I think sometimes we moms don't realize how much we are doing for our kids. We feel like we are just doing our jobs. But in loving our children, and caring for them, we really are contributing to the stability of society.

Have you read stories or had experiences that have made you realize how important it is to just love a child, to just be there for them?

Fathers are important, too, but what I read focused on the mother, so that is where I got the title of the thread.


----------



## Anonymous07 (Aug 4, 2012)

I love being a mom and my son means the world to me. He is only 7 months old, but has shown me so much and tested my patience. He is an amazing little boy and his smile melts my heart.

Have to share this because I love this video:

An Ode to Motherhood from Boba and Denver's Futuristic Films - The Denver Egotist

"I made you, but you made me a mother"


----------



## jld (Dec 1, 2013)

What a beautiful video, Anon. Thank you so much for sharing.


----------



## skype (Sep 25, 2013)

My favorite quotes about motherhood:

"I'll love you forever
I'll like you for always
As long as I'm living
My baby you'll be."

Robert Munsch

"If you bungle raising your children, I don't think whatever else you do matters very much."

Jackie Kennedy

I think parenthood is the most challenging thing that anyone can ever do. We have to find the balance between raising responsible children and realizing that they have their own personalities, and that they have to learn to make their own mistakes. We have to figure out which discipline approach works with each child.

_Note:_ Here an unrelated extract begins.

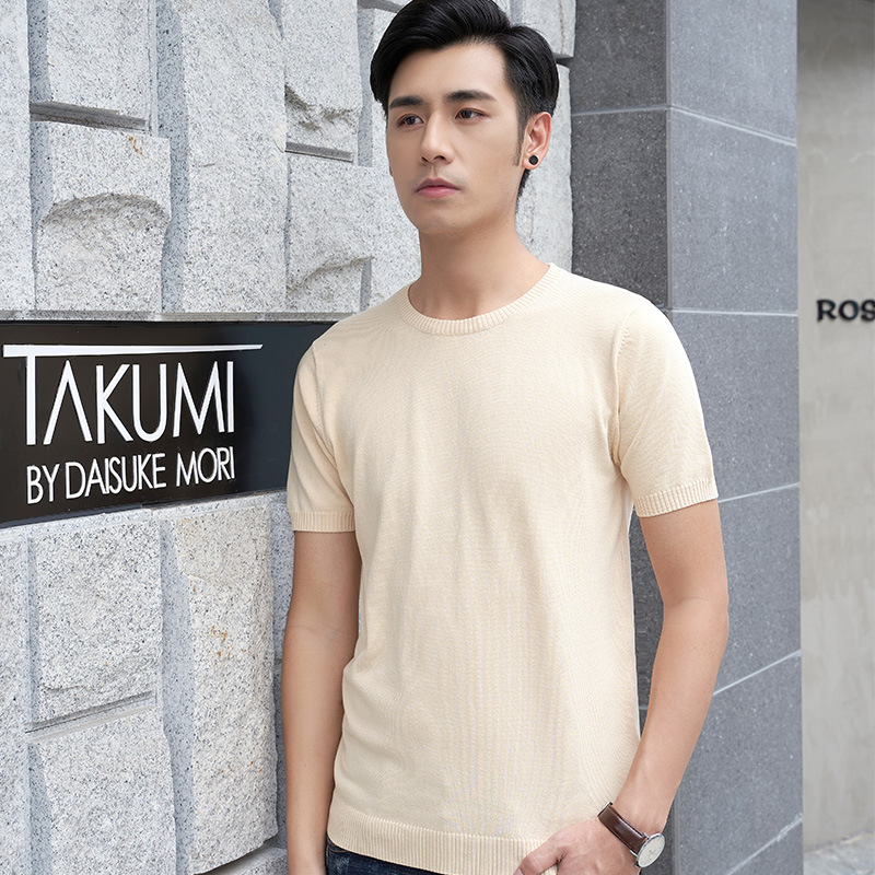반팔 스웨터 남성용 V-넥 심플 캐주얼 여름 반팔 스웨터 젊은 남성용 라운드 넥 슬림핏 얇은 베이스 티셔츠스토어 가기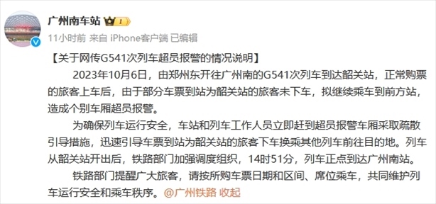 ·廣州南站通報(bào)高鐵超員報(bào)警:部分到站旅客未下車,擬繼續(xù)乘車到前方站。

When we had our first child, I was surprised by what a social experience motherhood is. People felt perfectly comfortable giving me their unsolicited advice, and they were only too happy to judge my mothering skills. No mother of a sunny 6 month old should ever give advice to the parent of a tired, screaming 2 year old.

I learned the hard way that children are not tabula rasas that I could mold into what I wanted them to be. But that is a very good thing!


----------



## jld (Dec 1, 2013)

Lol, skype. I don't know how old your children are, but I do think it's cute when younger mothers with fewer children offer me advice.


----------



## Anon Pink (Jan 17, 2013)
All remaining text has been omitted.